*Exercise goal*
Give again, word for word, the line holding "That’s when I" and every line after it through the end of the data below. Omit pictures.

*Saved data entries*

***

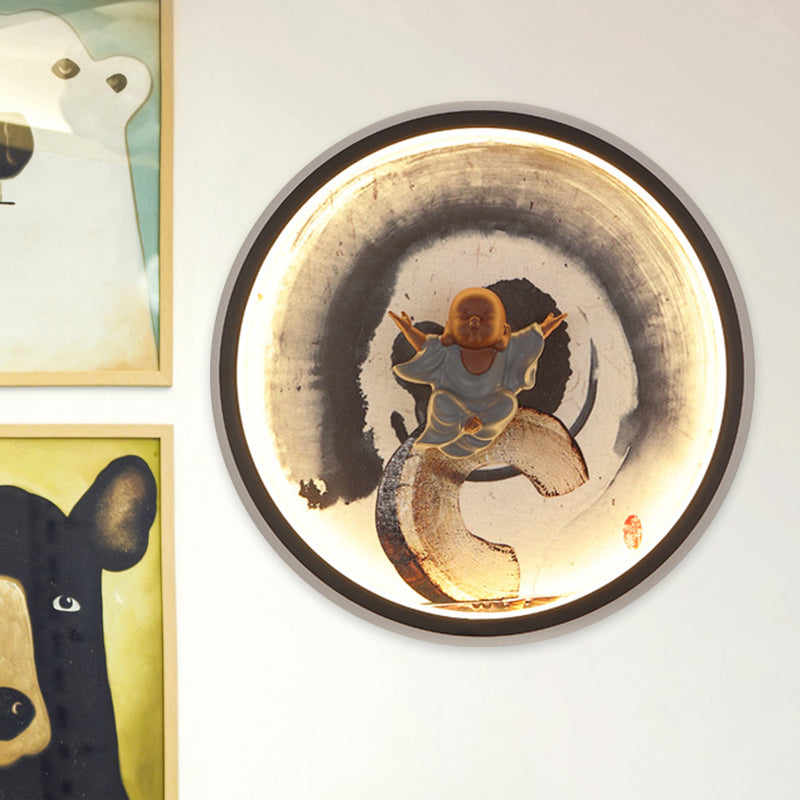 Led Asian Buddha Boy Mural Lamp: Wall Mounted Aluminum Lighting With Black Halo Ring - Ideal For
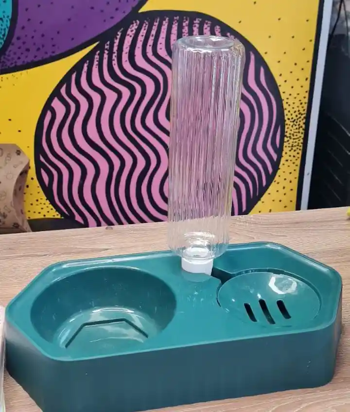 Comedero para mascotas con plato y una botella dispensadora de agua. - Un espacio plástico - La botella es transparente y se acopla a la base.
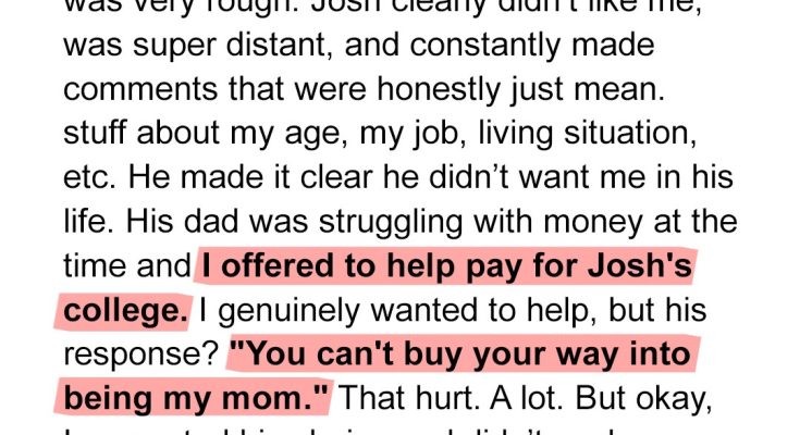 That’s when I saw my chance, not to buy Josh’s love, but to give him something I never had: a real shot at a bright future.
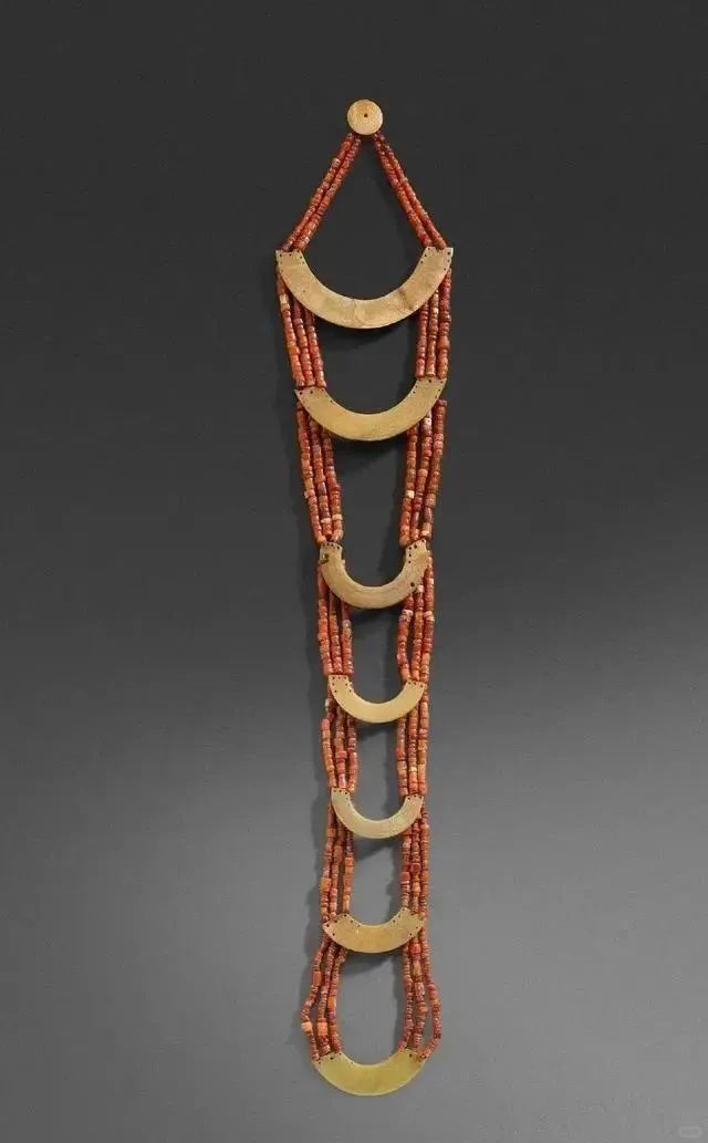 六璜联珠串佩饰 .西周(公元前11世纪﹣前771年)·山西省曲沃县北赵村晋侯墓地31号墓出土.丧葬玉,由408件玉饰组成。出土于墓主胸部,上端过颈,下端过腹。现藏山西博物院
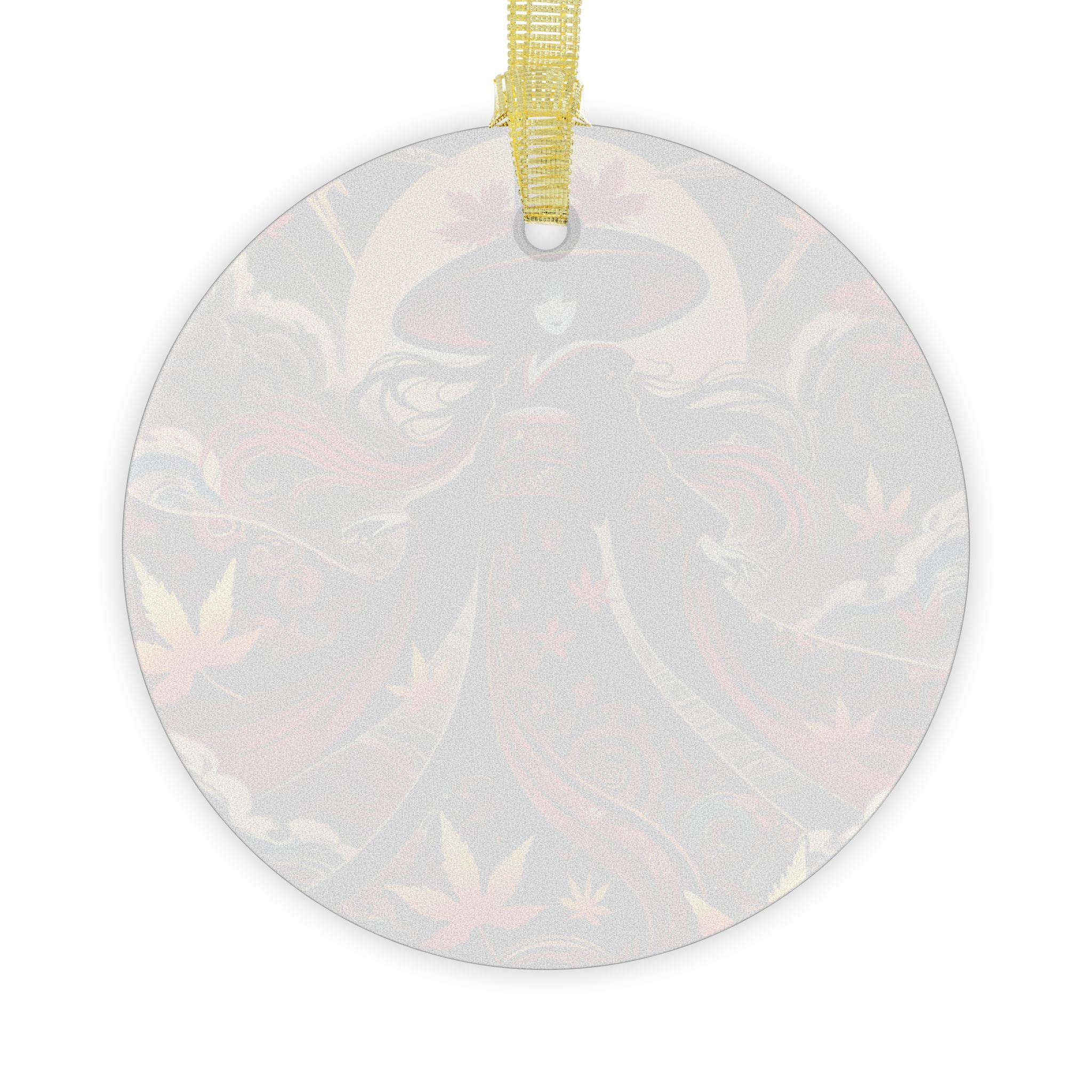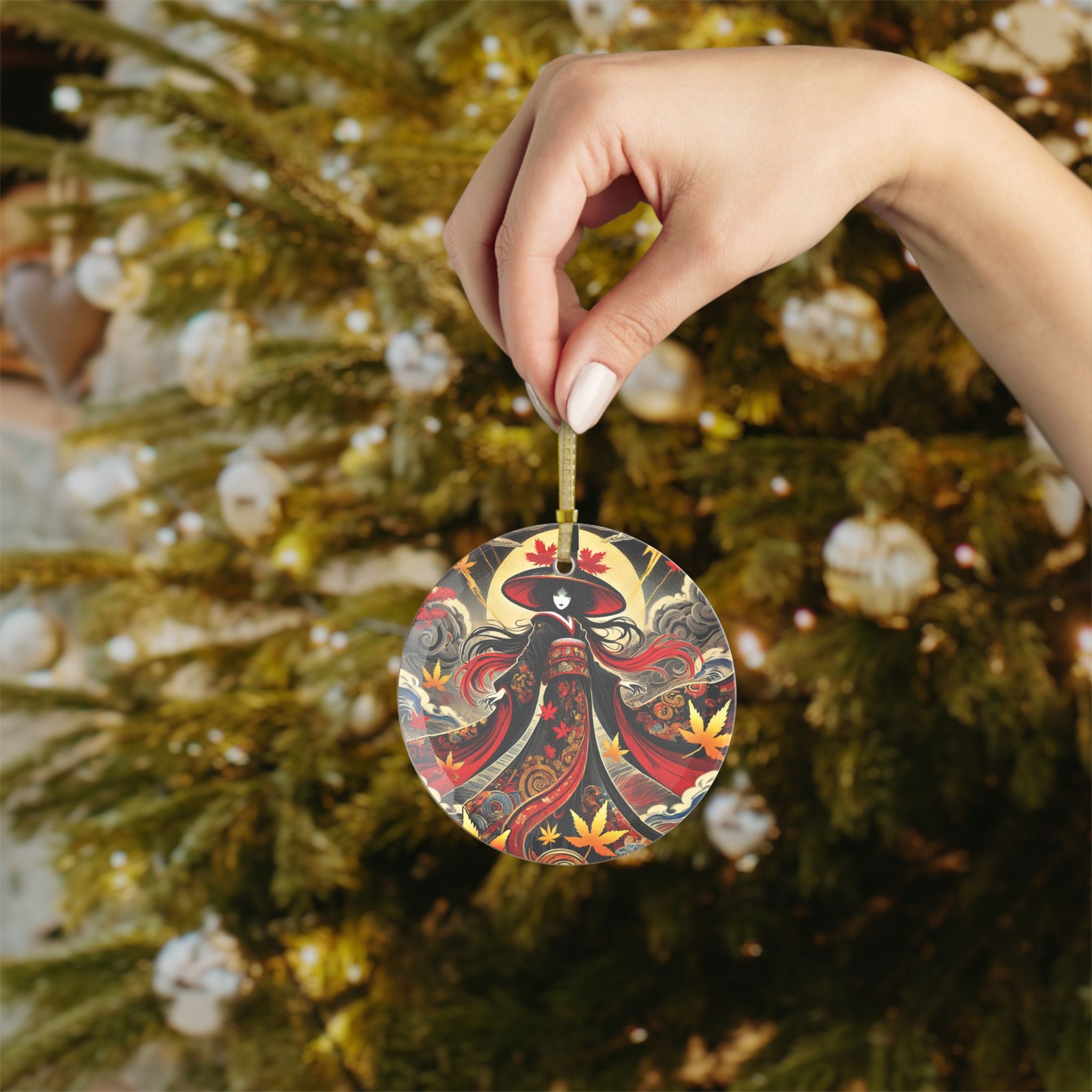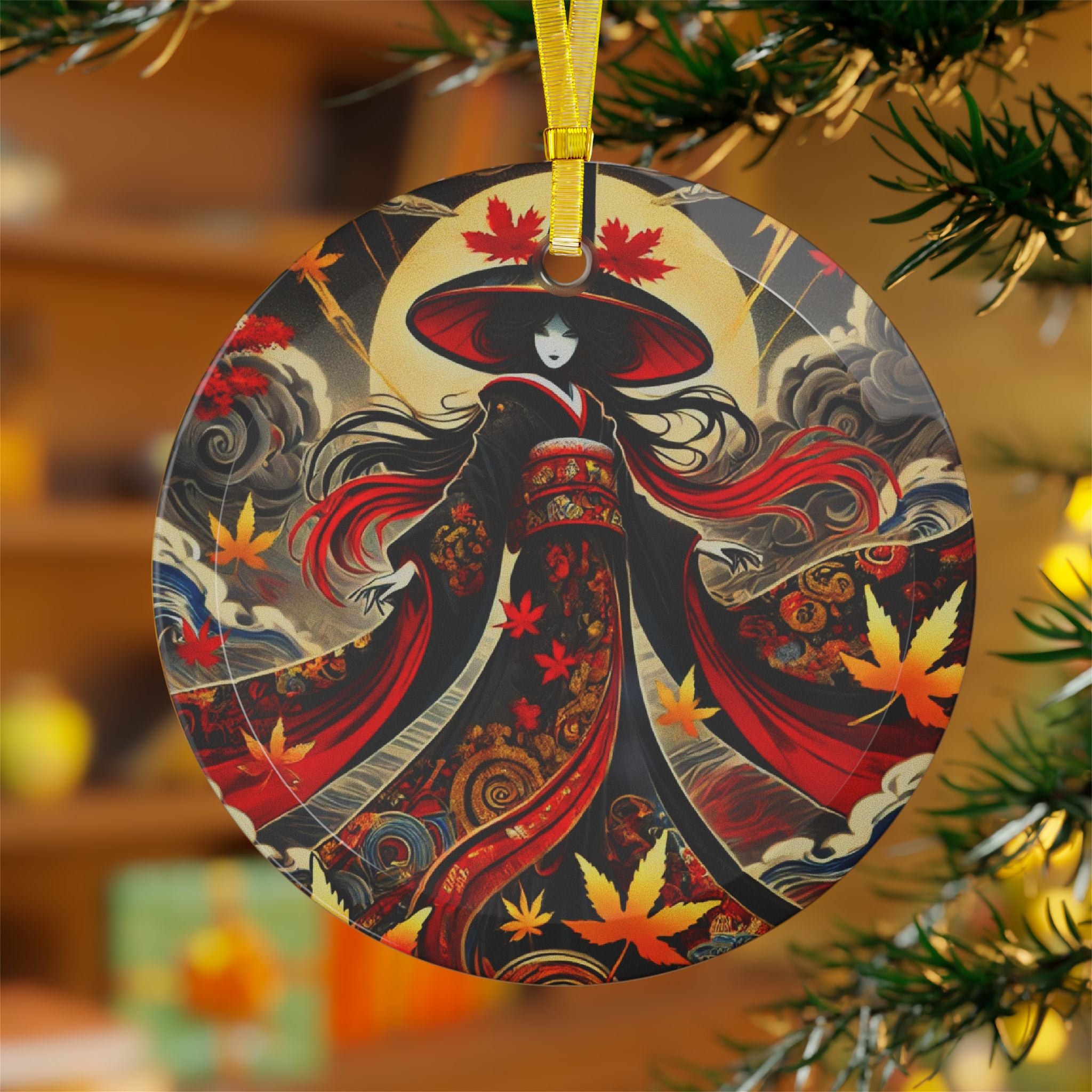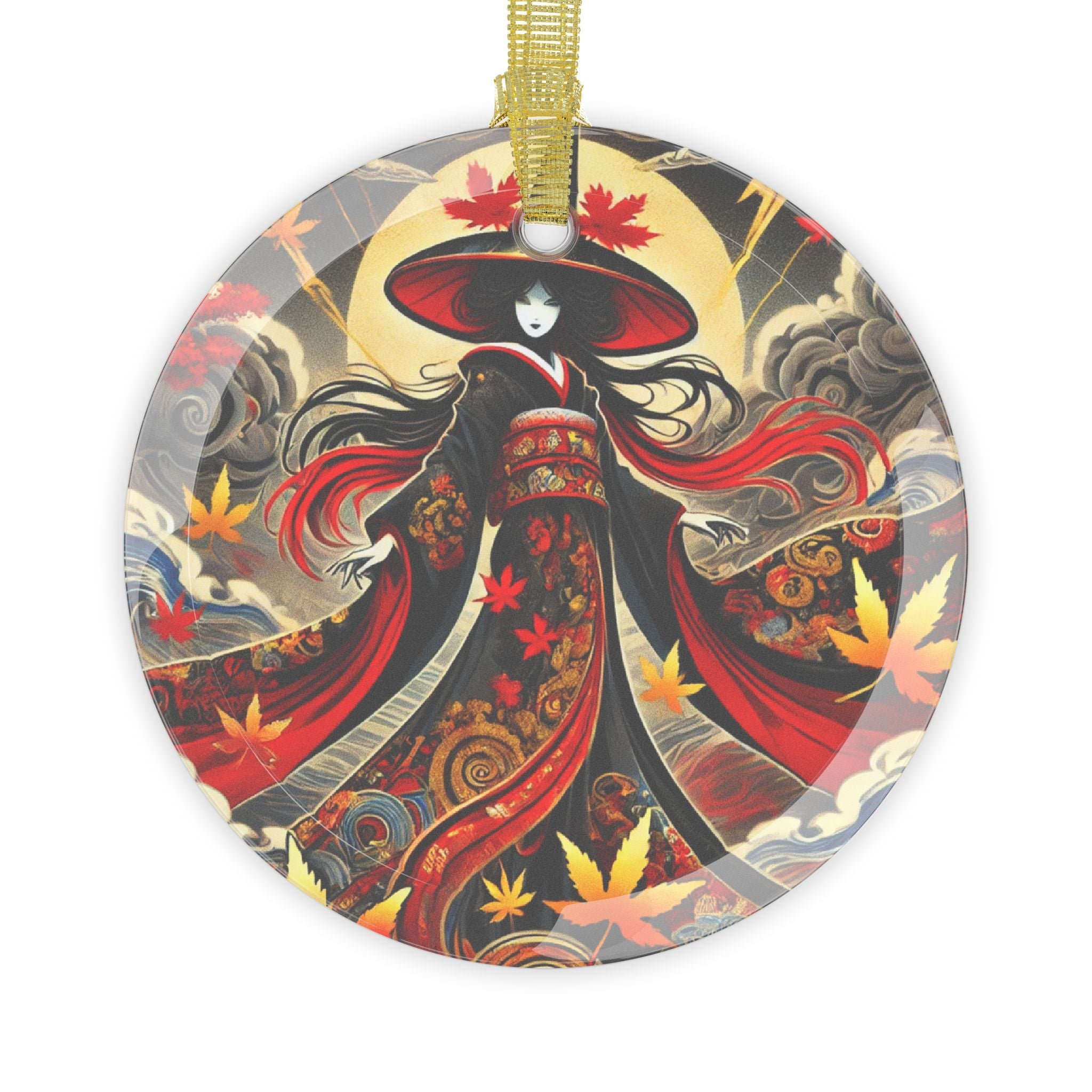 Bring Halloween drama to your décor with this striking glass ornament. It features a Kabuki witch with a towering red... Read more

***

*Written reply*
 That’s when I saw my chance, not to buy Josh’s love, but to give him something I never had: a real shot at a bright future.
 六璜联珠串佩饰 .西周(公元前11世纪﹣前771年)·山西省曲沃县北赵村晋侯墓地31号墓出土.丧葬玉,由408件玉饰组成。出土于墓主胸部,上端过颈,下端过腹。现藏山西博物院
 Bring Halloween drama to your décor with this striking glass ornament. It features a Kabuki witch with a towering red... Read more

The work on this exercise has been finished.